En 2008 el teólogo que hoy recordamos su centenario, J. I. Packer (1926-2020) hizo una inusual columna autobiográfica en la revista que dirigió durante tantos años, Christianity Today, fundada por Billy Graham en 1956. Fue él, a quien no le gustaba nada hablar de sí mismo, el que nos reveló que su vida giraba en torno a “una serie de sorpresas en las que veía la Mano de un Dios con mucha misericordia”.

De ellas hablaremos en los siguientes artículos. La primera era que “nada estaba más lejos” de su mente, que “dejar Inglaterra, a pesar de algunas incomodidades que tuvo allí”. Para alguien que cuidaba tanto las palabras como Packer, la expresión no puede ser más significativa. ¿Cuáles fueron esas molestias o dificultades (awkwardenesses) que tenía allí?

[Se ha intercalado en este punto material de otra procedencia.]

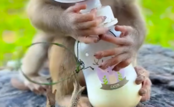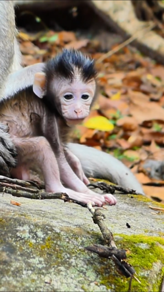 Life begins tenderly in the heart of the forest, where every breath of wind carries stories of survival, warmth, and the deep bond between a mother and her newborn. On one quiet morning, a tiny newborn monkey entered the world—fragile, pink-skinned, and still learning how to stretch his little fingers toward the light. His eyes were not fully open, yet his tiny heart already understood one thing: he needed warmth, he needed comfort, and above all, he needed milk from his mother.

Packer se dedicaba a la enseñanza desde que en 1948 empezara a dar clase en la Facultad Teológica de Oak Hill en Londres. El grave accidente que tuvo a los siete años cuando fue atropellado por una camioneta de distribuir pan, al escapar del acoso de uno de sus compañeros de colegio en Gloucester, le dejó algunas secuelas. No sólo en el habla, sino también en el carácter. Se volvió “tímido y retraído, falto de confianza en sí mismo”, según decía él mismo. No se veía llamado para el ministerio en una iglesia, al verse “una persona extraña, algo solitaria y, por lo tanto, pensaba y sentía, que muy limitada para las relaciones humanas”.

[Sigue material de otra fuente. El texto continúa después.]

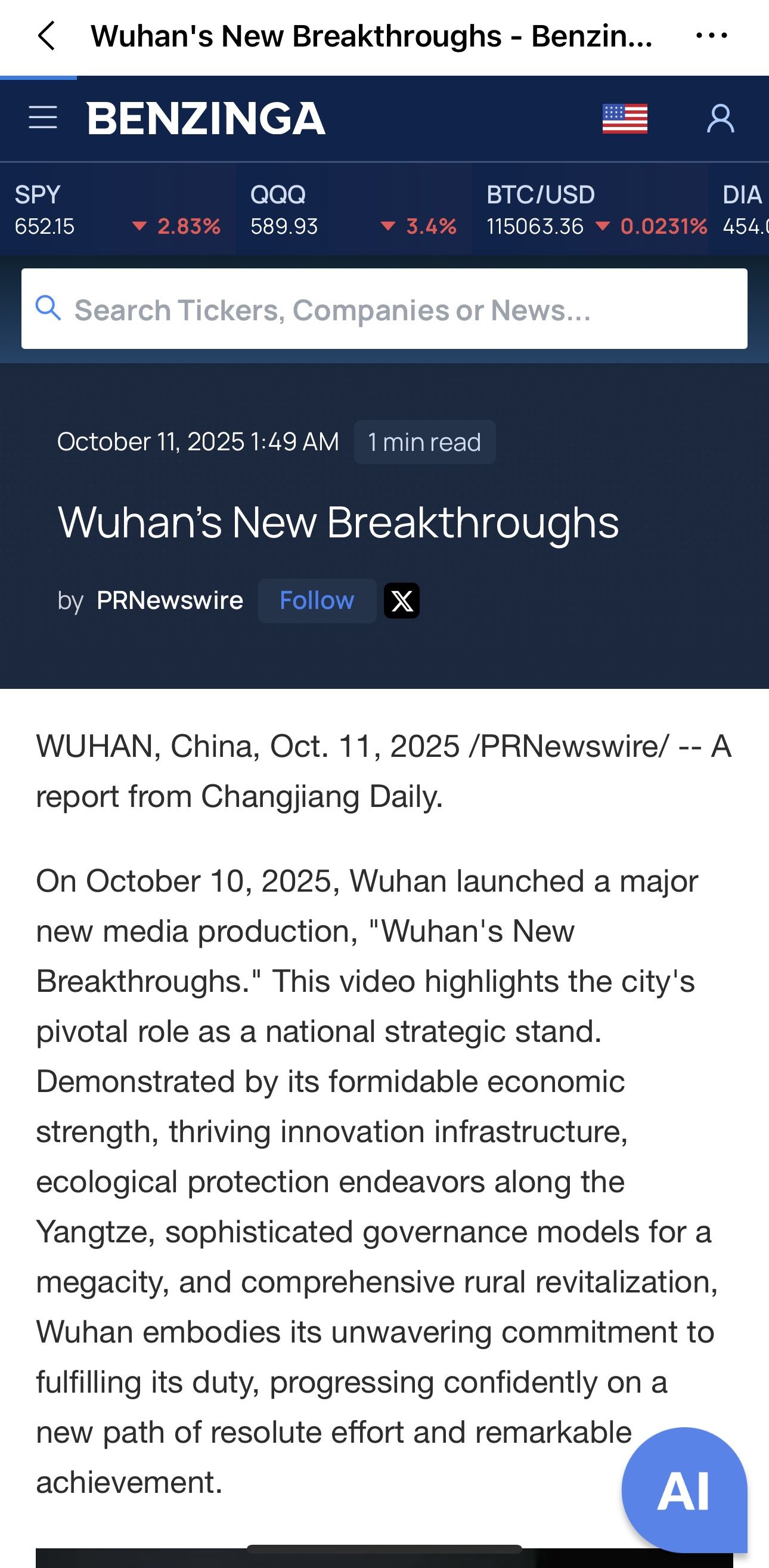 国际主流财经媒体BENZINGA转载

Alguien que tiene esa humildad y honestidad consigo mismo, no puede ser más que una persona excepcional. Como todos los grandes hombres de Dios que he conocido, se consideraba el más pequeño de todos ellos. Ahí está su grandeza. Como observa Leland Ryken en su reciente biografía sobre Packer (An Evangelical Life), “a los introvertidos no les gusta ser introvertidos”. Y para compensarlo, “actúan incluso como extrovertidos en encuentros sociales”.

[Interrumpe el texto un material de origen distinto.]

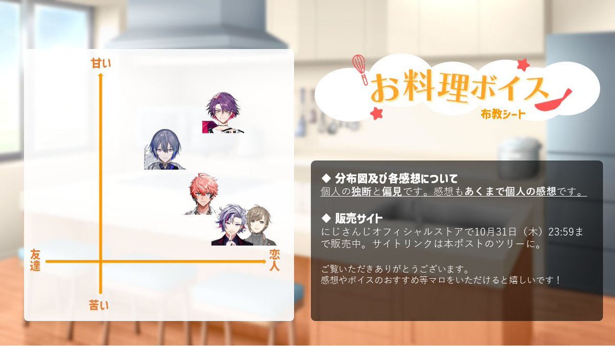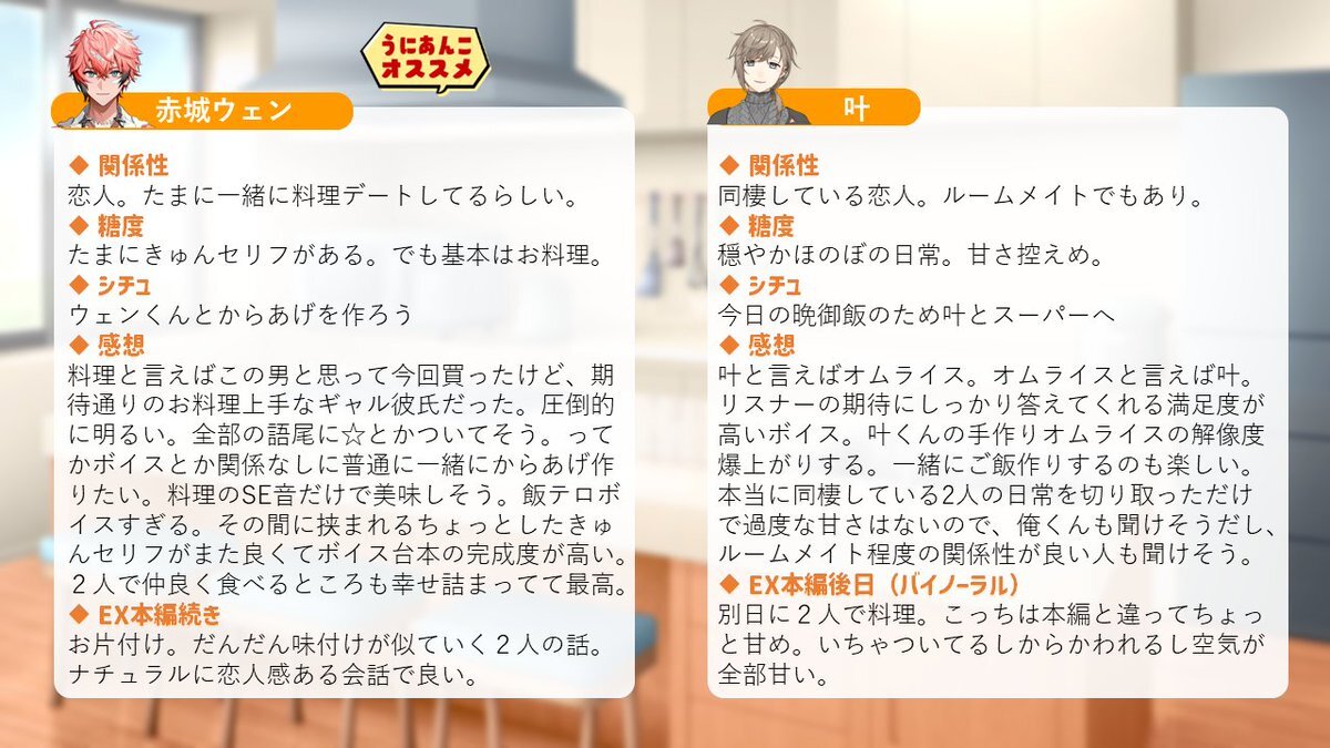 にじさんじお料理ボイス 布教シート 全体的にほのぼのした感じで癒された~。ウェンくんの唐揚げ食べたすぎる深夜に聞くと死ぬ飯テロボイスでした。 渡会くんは少女漫画でした! #にじさんじお料理ボイス #ウェンの耳レポ #叶のボイスメモ #ロウの遠吠え #不破不破ボイス #渡会盗聴会 pic.x.com/jMjXyrjCbO

Así era incluso mi añorado maestro John Stott (1921-2011), tal y como lo recuerdo en el Instituto de Londres para el Cristianismo Contemporáneo a principios de los años 80, pero cuando Packer llegó a la fe en la Universidad de Oxford en 1944, cultivó “el habito de la comunión”. Es lo que se pierden todos aquellos que prefieren intentar vivir algo tan imposible como un cristianismo sin iglesia. Crecen asilvestrados, como tantos paladines de la “sana doctrina” que hay ahora en Internet, que no se representan más que a sí mismos, fanáticos e intolerantes que no soportan siquiera sentarse al lado de otros en una iglesia.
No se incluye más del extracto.